[DRBD-user] DRBD suitable for Fast Failover ?

Thu May 28 08:56:03 CEST 2015

Hi

During my tests with DRBD in Dual Primary Mode (see Thread 'Dual Primary Mode: Shared Directory blocked after node crash until reboot') i asked myself if DRBD is suitable for Fast Failover ?

My test configuration looks like this:

- 2-Node Redhat 7 Cluster (Pacemaker, Corosync)
- ILO4 Fencing Device's
- DRBD 8.4 in Dual Primary Mode
- GFS2 Shared Filesystem

Test Case: Node crash simulation: Hard Reset using 'echo b > /proc/sysrq-trigger' or Pull power plug.

After a node crash simulation the shared directory on the active node is blocked for writing for about 15 seconds due fencing.

Suppose you have an application running on each node.

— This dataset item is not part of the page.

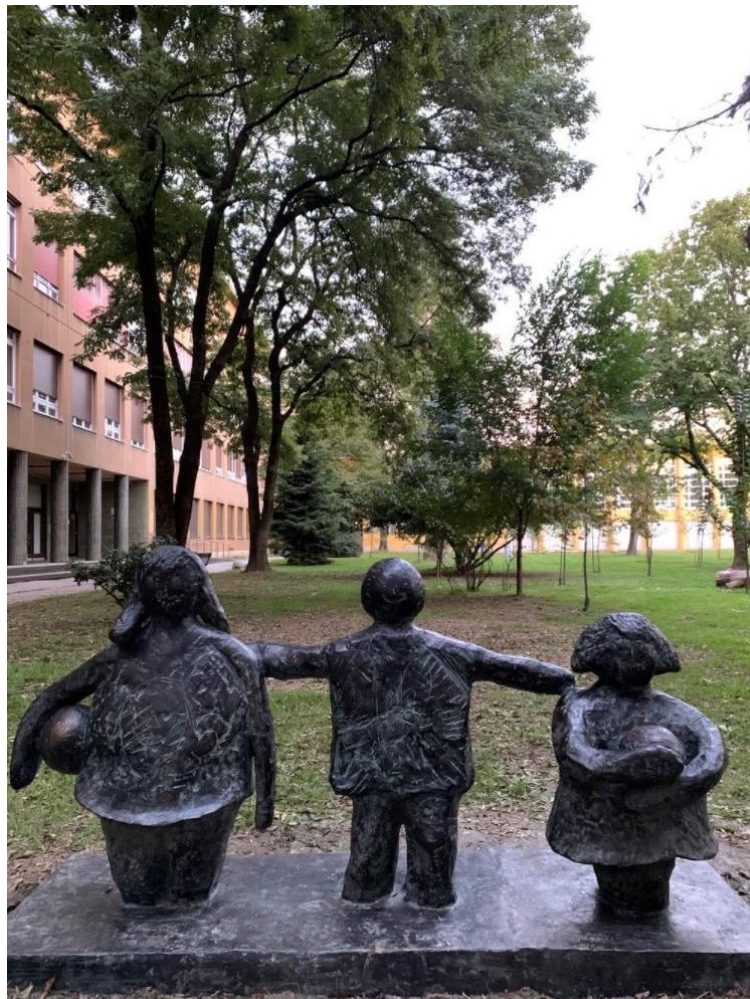
Slika br. 8: Spomenik djetetu ispred Fakulteta

It's internal state (incrementing a counter variable) is saved (and replicated) into the shared directory.
On one node the application works as 'Main' and on the other node as 'Standby' (achieved by a 0-byte Lock-File in the shared directory).
If the Main-Node fails the Standby-Node should switch to mode 'Main' and take over the work BUT with the configuration as described above the Standby-Node can resume the work only after 15 seconds, because the writing of the counter variable is blocked until fencing completes. 

My goal is to achieve a failover of about 1-2 seconds.

Maybe i should switch to a DRBD Master-Slave configuration (only the Main-Node writes to the shared directory) ?

Any other suggestions ?

Thanks